◆ Given material ◆
#####

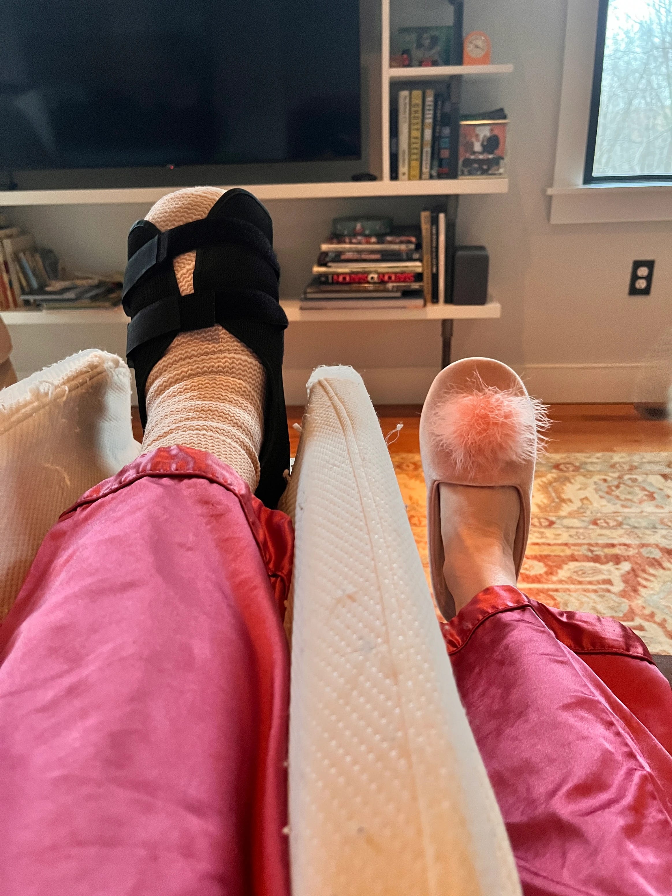 It’s kind of nice, really, having this excuse not to do anything other than basic care and feeding of myself. Huckleberry is here with me, being very cuddly, as I am his only snuggle option. I did a last pass at my upcoming book and sent it in eight days ahead of schedule; watched an entire season of Glow Up, the makeup artist competition; read two books; and ate those cheesecake bars (and a salad). I went to a meeting at the library, because I can drive, and to the doctor’s office for a follow-up. I crutch-pushed a basket of laundry into the mudroom and started that. Really quite bad-ass, don’t you think?
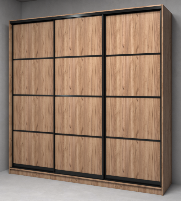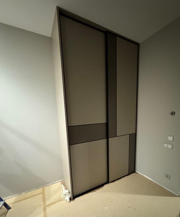 Современный шкаф купе с декоративной вставками и узким чёрным профилем
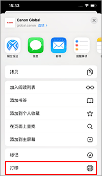 从iOS 12的Safari打印时显示以下屏幕。 根据设备或应用程序,屏幕会有所不同。

#####

◆ Task ◆
Output every line above exactly as it stands, and drop any picture.

◆ Answer ◆
 It’s kind of nice, really, having this excuse not to do anything other than basic care and feeding of myself. Huckleberry is here with me, being very cuddly, as I am his only snuggle option. I did a last pass at my upcoming book and sent it in eight days ahead of schedule; watched an entire season of Glow Up, the makeup artist competition; read two books; and ate those cheesecake bars (and a salad). I went to a meeting at the library, because I can drive, and to the doctor’s office for a follow-up. I crutch-pushed a basket of laundry into the mudroom and started that. Really quite bad-ass, don’t you think?
 Современный шкаф купе с декоративной вставками и узким чёрным профилем
 从iOS 12的Safari打印时显示以下屏幕。 根据设备或应用程序,屏幕会有所不同。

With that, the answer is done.